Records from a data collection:
....................

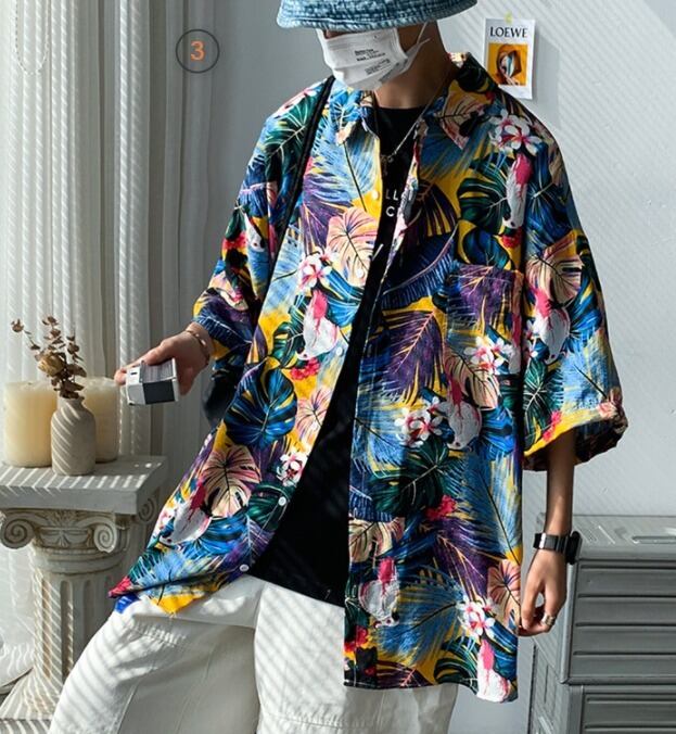 メンズ アロハシャツ トロピカル柄 半袖シャツ 総柄シャツ [gg-1314]
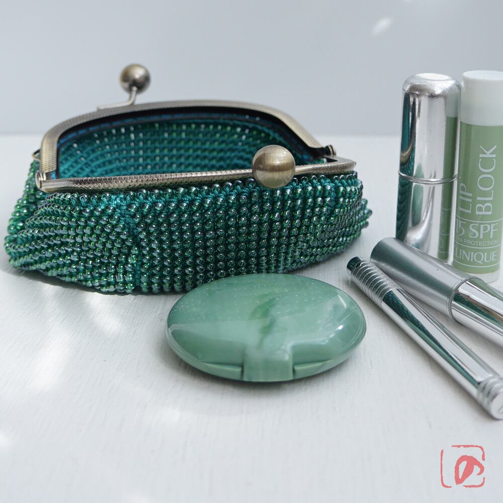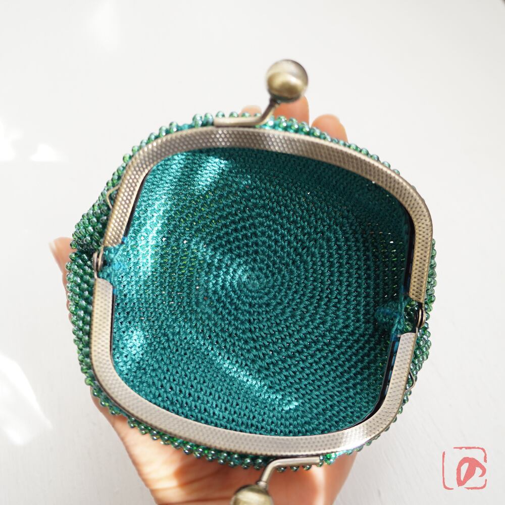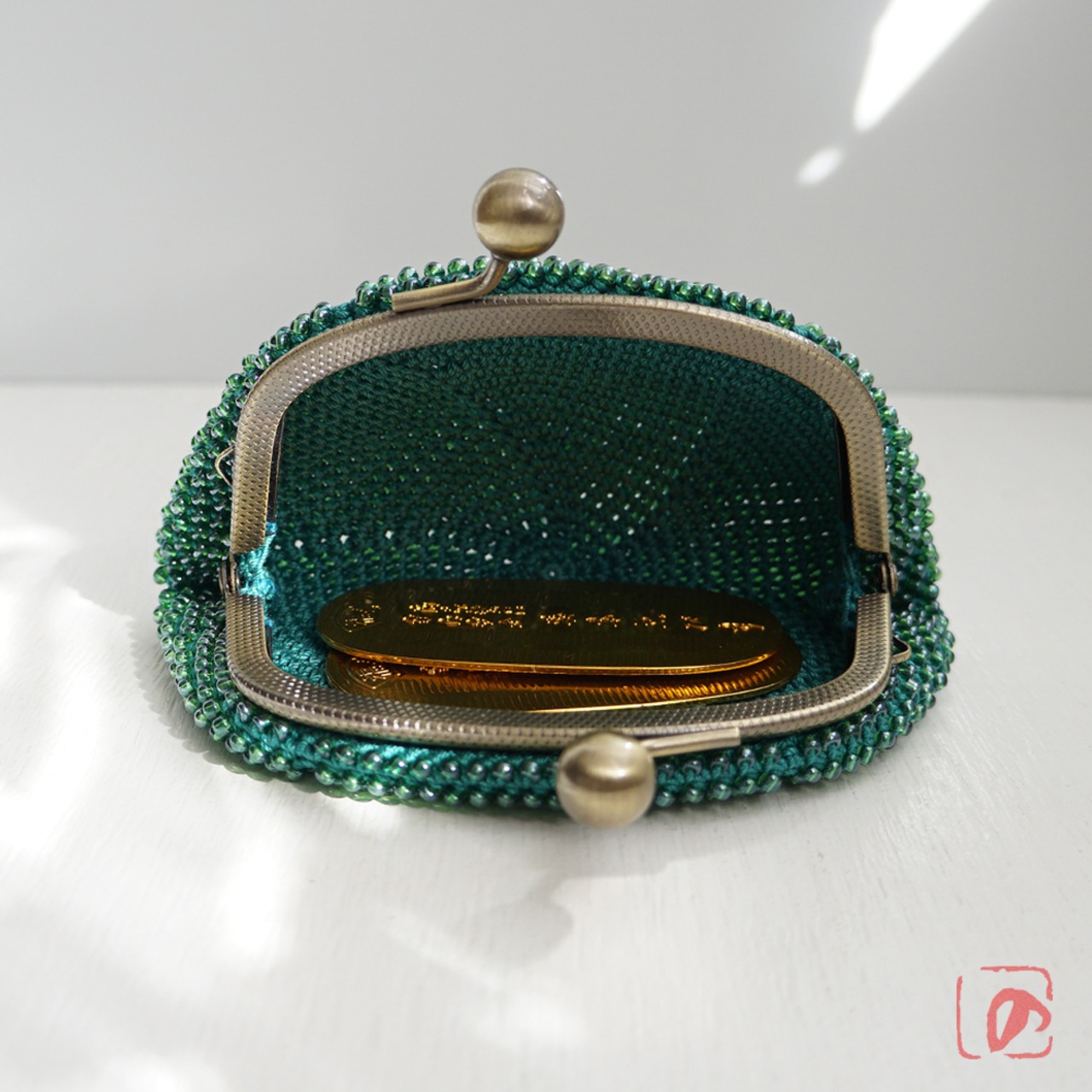 ばあば、ガラスビーズの大きめがま口(beryl・2120)
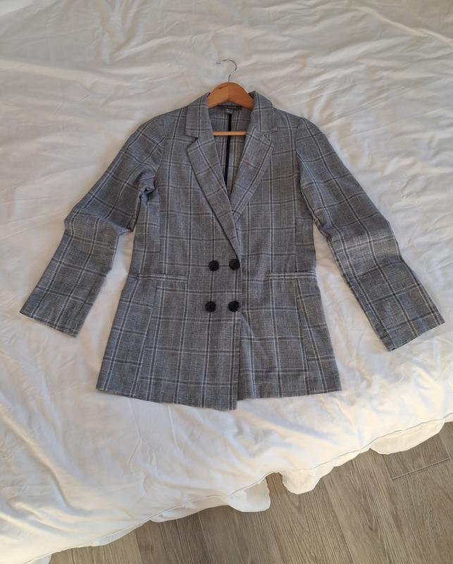 Женский серый пиджак в клетку Размер - 34 Замеры: Полуобхват груди – 42 см Длина по спинке – 69 см Длина рукава - 59 см Ширина плечей – 36 см Ткань - 65% полиэстер 30% коттон 5% вискоза
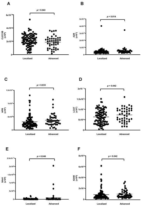 Proteins downregulated and upregulated in HDL proteomes of stages III and IV of BC. HDL was isolated through ultracentrifugation on a discontinuous density gradient (D = 1.063–1.21 g/mL). Five micrograms of HDL protein from individuals with BC (n = 141) and CT (n = 143) were trypsin-digested. Samples were desalted, and after MS, the identified proteins were quantified by DIA proteomics. Comparisons between stages I + II and III + IV were made by the Mann–Whitney test (median and interquartile range of 25–75%). (A) tetranectin (CLEC3B); (B) alpha2-macroglobulin (A2M); (C) haptoglobin -related protein (HPR); (D) lecithin cholesterol acyltransferase (LCAT); (E) serum amyloid A type 1 (SAA1); (F) immunoglobulin Mu heavy chain constant region (IGHM).
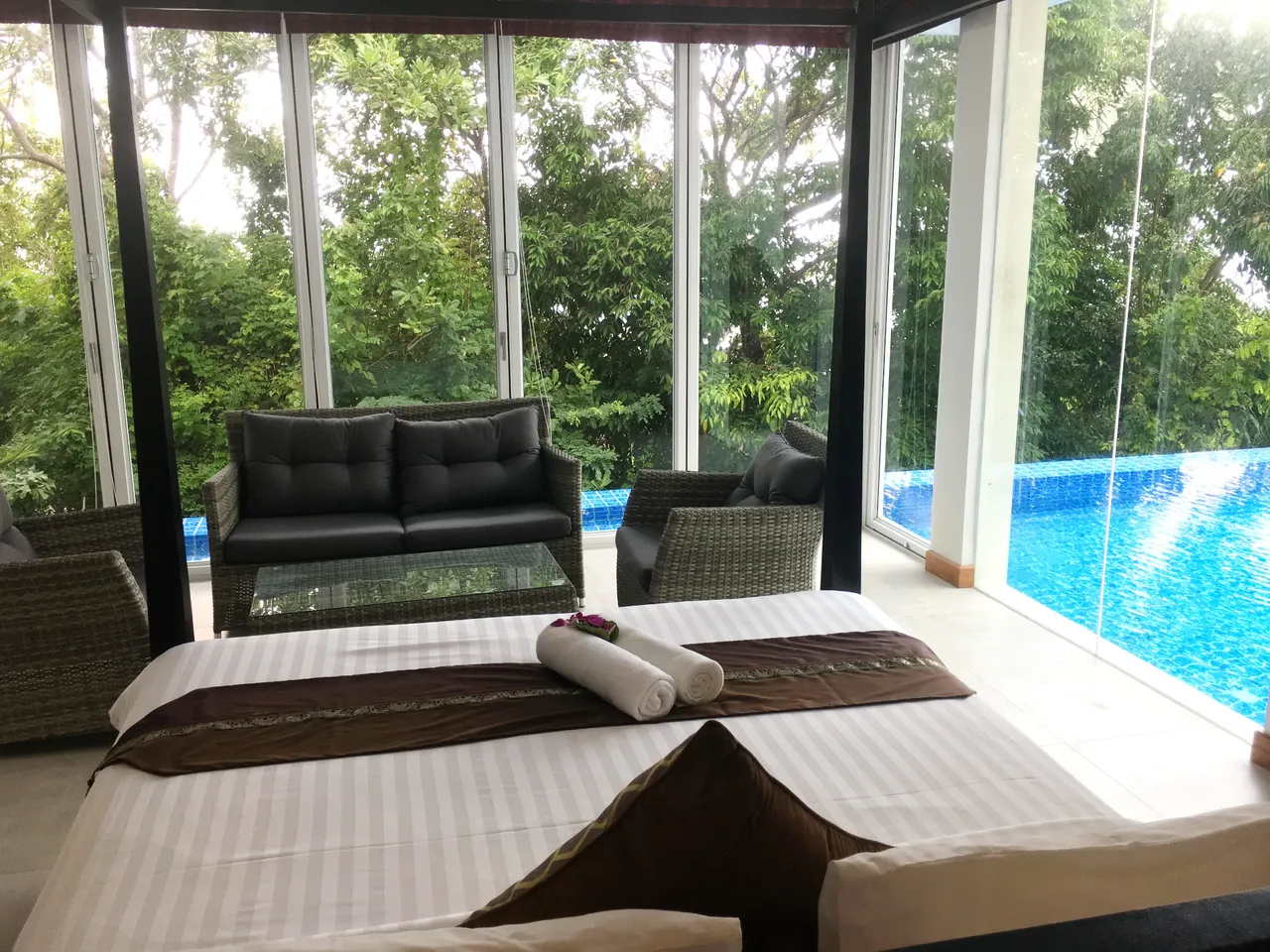 This villa has three amazing pools and all face out to the Andaman sea and most of your time can be spent relaxing in these pools watching them terrific sunset each evening and if that isn't enough to take-in , the villa had a private cinema and a gym. There was also a lovely barbecue area if you wanted to throw a couple steaks on the barbecue after your workout.
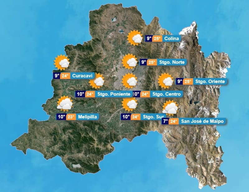 Para esta jornada, la temperatura mínima se mantendrá en la tónica de los últimos días, bordeando los 10 grados en gran parte de la Región Metropolitana, aunque en San José de Maipo será de 7°.
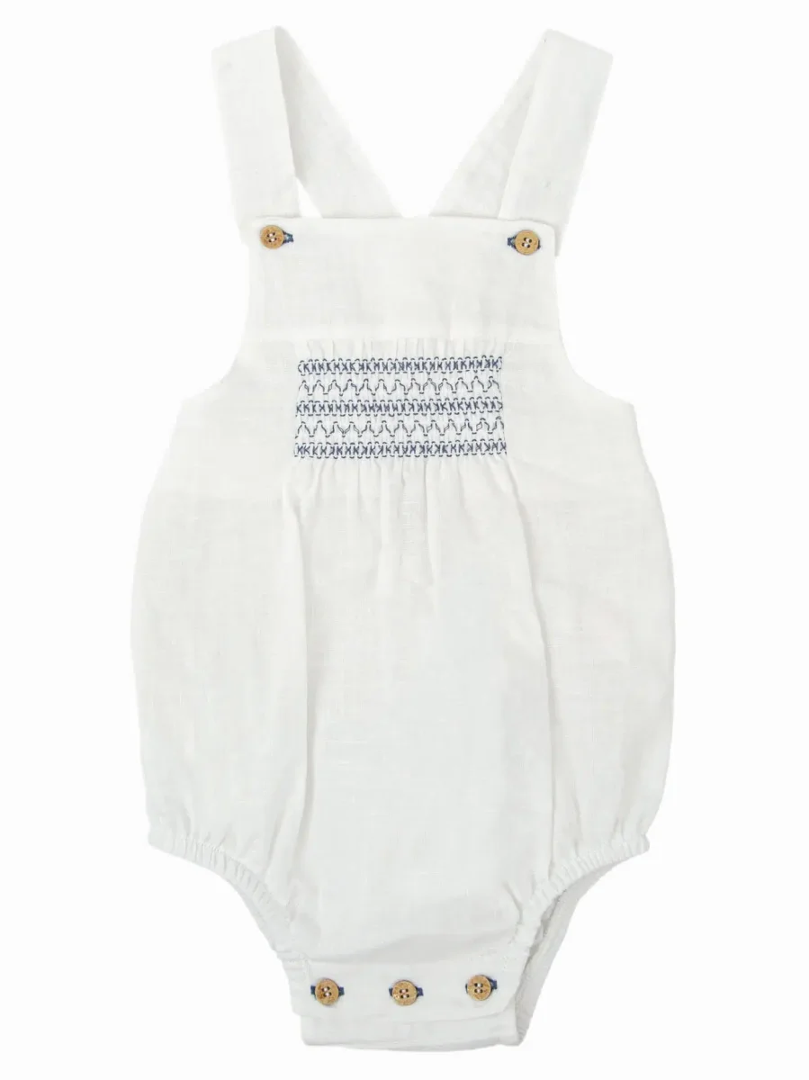 Barboteuse d’été mixte à smocks – Blanc
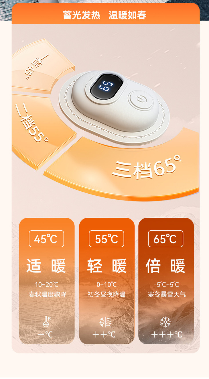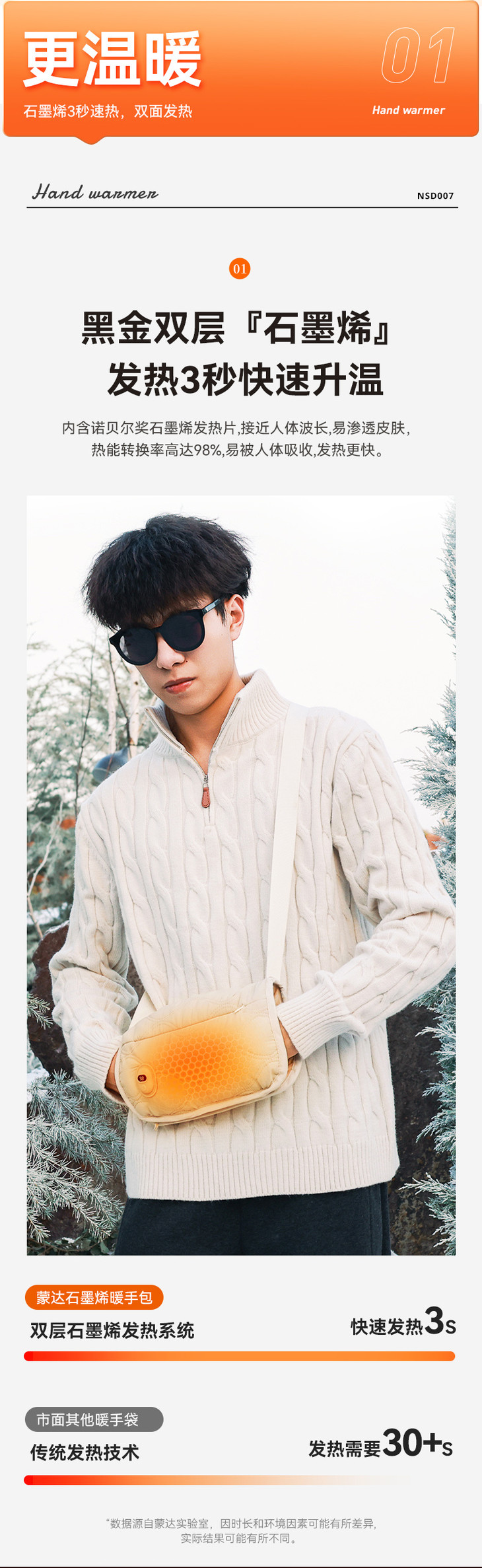 既是暖手袋也是秋冬背包 诺贝尔奖的石墨烯发热片 热能转换率高达98% 升温+锁温+热感循环。 三防布料,防水放油防污渍 三档【45°,55°,65°】智能控温
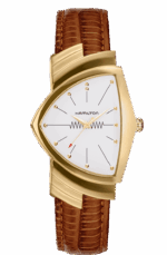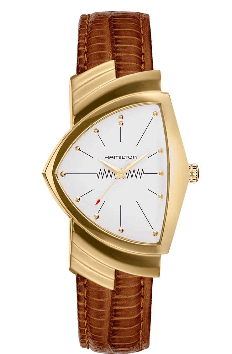 Il Ventura originale, presentato nel 1957, passò alla storia dell’orologeria come il primo orologio elettrico a batteria al mondo. Con il suo design unico e audace, divenne rapidamente un’icona e un oggetto da collezione. L’ultima interpretazione del Ventura è un fedele tributo all’originale e richiama la pionieristica forma a scudo della cassa, esempio di design moderno “Mid-Century”.
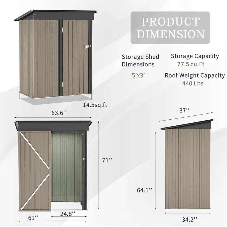 Outdoor 5 ft. W x 3 ft. D Material Storage Shed

....................

Exact repeats of the lines from the first one in the data through the line containing "Proteins downregulated and" make up the answer. Pictures do not.

■ Finished task ■
 メンズ アロハシャツ トロピカル柄 半袖シャツ 総柄シャツ [gg-1314]
 ばあば、ガラスビーズの大きめがま口(beryl・2120)
 Женский серый пиджак в клетку Размер - 34 Замеры: Полуобхват груди – 42 см Длина по спинке – 69 см Длина рукава - 59 см Ширина плечей – 36 см Ткань - 65% полиэстер 30% коттон 5% вискоза
 Proteins downregulated and upregulated in HDL proteomes of stages III and IV of BC. HDL was isolated through ultracentrifugation on a discontinuous density gradient (D = 1.063–1.21 g/mL). Five micrograms of HDL protein from individuals with BC (n = 141) and CT (n = 143) were trypsin-digested. Samples were desalted, and after MS, the identified proteins were quantified by DIA proteomics. Comparisons between stages I + II and III + IV were made by the Mann–Whitney test (median and interquartile range of 25–75%). (A) tetranectin (CLEC3B); (B) alpha2-macroglobulin (A2M); (C) haptoglobin -related protein (HPR); (D) lecithin cholesterol acyltransferase (LCAT); (E) serum amyloid A type 1 (SAA1); (F) immunoglobulin Mu heavy chain constant region (IGHM).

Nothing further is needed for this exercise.